Work instructions: Once you find the line with "Standard-Badezimmer im ObergeschossWir" in the data below, transcribe exactly each line from there to the line with "5、等到Kimi生成好后,查", inclusive, and nothing else. Drop the pictures.

Given information:
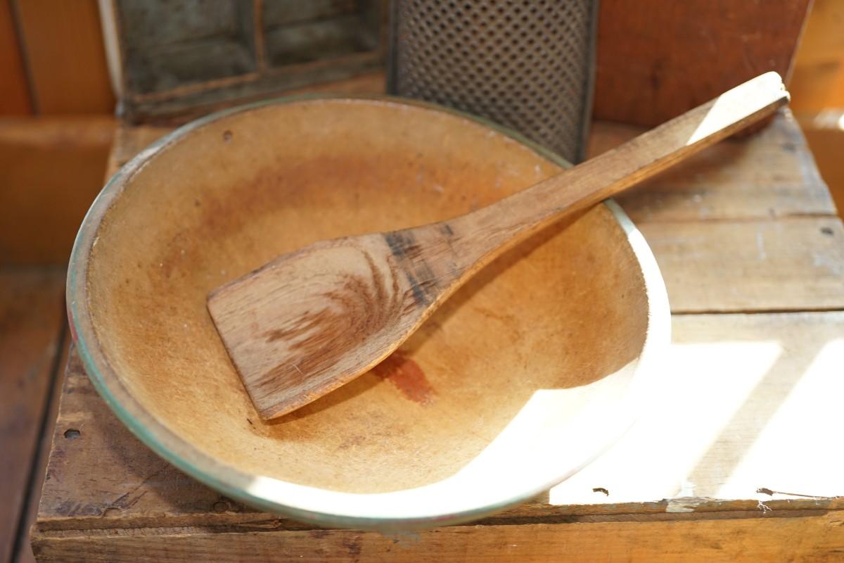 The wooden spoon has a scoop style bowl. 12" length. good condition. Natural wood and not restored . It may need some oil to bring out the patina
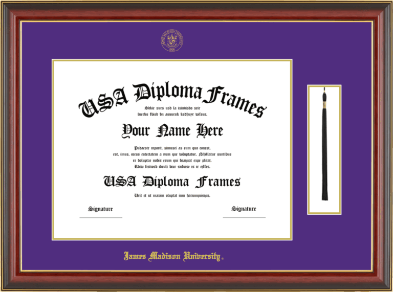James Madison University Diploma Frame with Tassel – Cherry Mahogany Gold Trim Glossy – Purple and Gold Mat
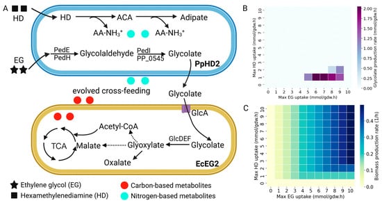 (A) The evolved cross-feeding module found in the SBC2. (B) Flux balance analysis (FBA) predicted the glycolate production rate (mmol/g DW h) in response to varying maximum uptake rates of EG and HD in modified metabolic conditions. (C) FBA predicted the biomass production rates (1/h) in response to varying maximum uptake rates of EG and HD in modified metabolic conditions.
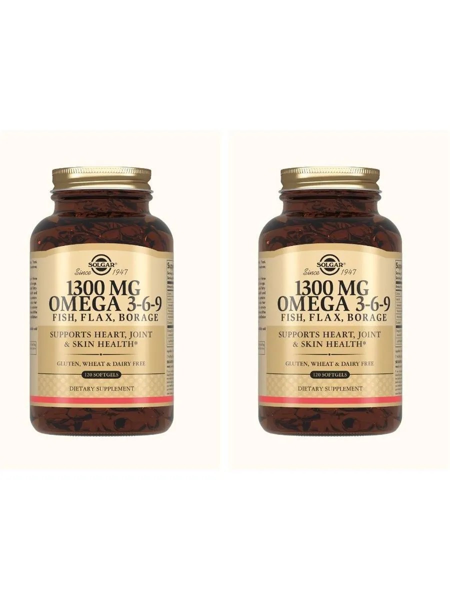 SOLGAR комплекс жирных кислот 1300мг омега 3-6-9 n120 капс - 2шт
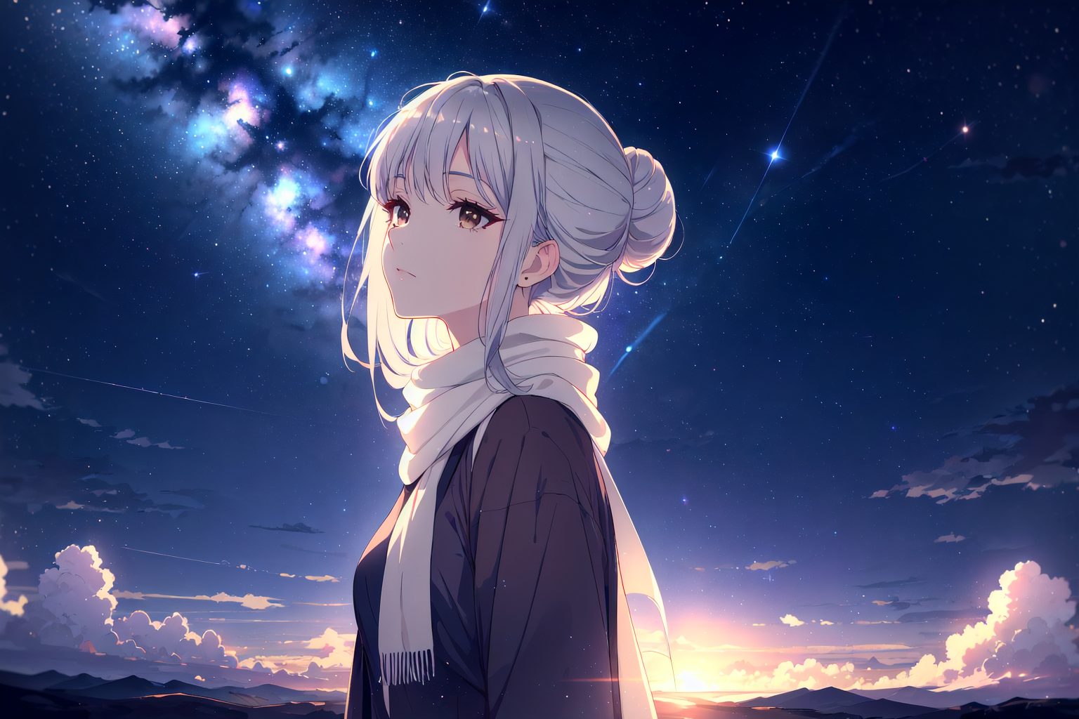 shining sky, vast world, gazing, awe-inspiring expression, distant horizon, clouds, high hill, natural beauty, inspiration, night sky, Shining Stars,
---
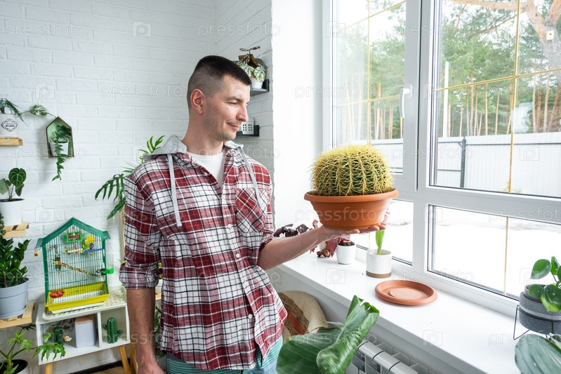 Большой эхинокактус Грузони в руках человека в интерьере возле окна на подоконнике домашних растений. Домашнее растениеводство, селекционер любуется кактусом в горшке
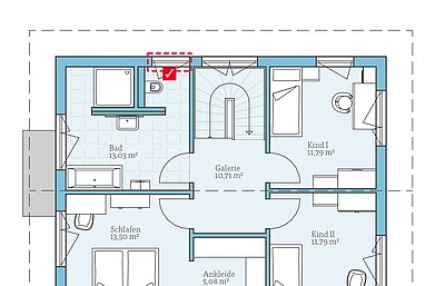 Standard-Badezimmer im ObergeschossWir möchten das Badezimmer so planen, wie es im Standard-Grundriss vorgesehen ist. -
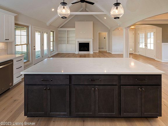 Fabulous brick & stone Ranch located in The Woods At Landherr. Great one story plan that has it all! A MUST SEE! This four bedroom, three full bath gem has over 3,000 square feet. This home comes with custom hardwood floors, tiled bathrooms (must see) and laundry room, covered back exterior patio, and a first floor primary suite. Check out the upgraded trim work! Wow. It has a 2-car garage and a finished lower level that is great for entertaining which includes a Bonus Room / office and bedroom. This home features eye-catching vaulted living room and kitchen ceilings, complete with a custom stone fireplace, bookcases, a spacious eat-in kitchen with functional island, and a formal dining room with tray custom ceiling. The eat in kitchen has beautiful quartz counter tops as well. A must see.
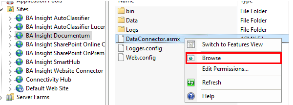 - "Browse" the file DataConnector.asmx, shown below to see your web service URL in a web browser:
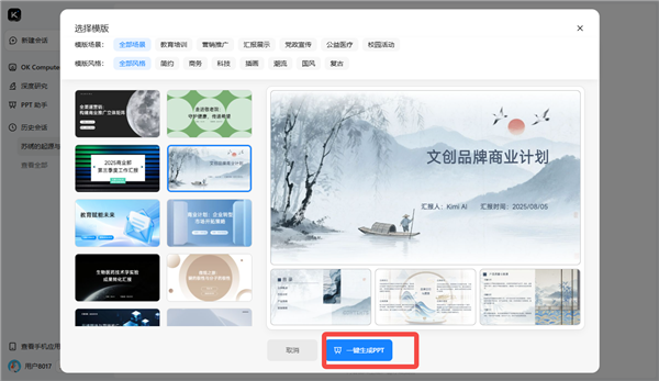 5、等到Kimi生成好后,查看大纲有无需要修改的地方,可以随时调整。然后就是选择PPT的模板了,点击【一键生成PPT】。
...
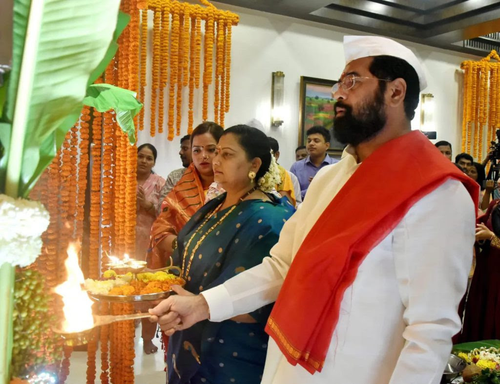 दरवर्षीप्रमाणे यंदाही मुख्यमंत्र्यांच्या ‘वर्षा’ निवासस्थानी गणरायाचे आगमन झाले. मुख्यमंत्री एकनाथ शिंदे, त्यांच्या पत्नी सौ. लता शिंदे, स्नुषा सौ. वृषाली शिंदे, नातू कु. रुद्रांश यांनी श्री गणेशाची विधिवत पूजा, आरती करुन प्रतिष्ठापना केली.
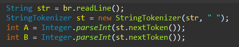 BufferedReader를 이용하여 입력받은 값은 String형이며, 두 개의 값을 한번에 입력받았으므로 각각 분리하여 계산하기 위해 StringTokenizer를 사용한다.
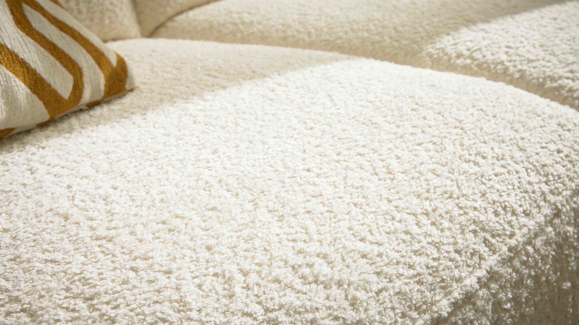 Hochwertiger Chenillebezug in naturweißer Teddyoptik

Completed exercise:
 Standard-Badezimmer im ObergeschossWir möchten das Badezimmer so planen, wie es im Standard-Grundriss vorgesehen ist. -
 Fabulous brick & stone Ranch located in The Woods At Landherr. Great one story plan that has it all! A MUST SEE! This four bedroom, three full bath gem has over 3,000 square feet. This home comes with custom hardwood floors, tiled bathrooms (must see) and laundry room, covered back exterior patio, and a first floor primary suite. Check out the upgraded trim work! Wow. It has a 2-car garage and a finished lower level that is great for entertaining which includes a Bonus Room / office and bedroom. This home features eye-catching vaulted living room and kitchen ceilings, complete with a custom stone fireplace, bookcases, a spacious eat-in kitchen with functional island, and a formal dining room with tray custom ceiling. The eat in kitchen has beautiful quartz counter tops as well. A must see.
 - "Browse" the file DataConnector.asmx, shown below to see your web service URL in a web browser:
 5、等到Kimi生成好后,查看大纲有无需要修改的地方,可以随时调整。然后就是选择PPT的模板了,点击【一键生成PPT】。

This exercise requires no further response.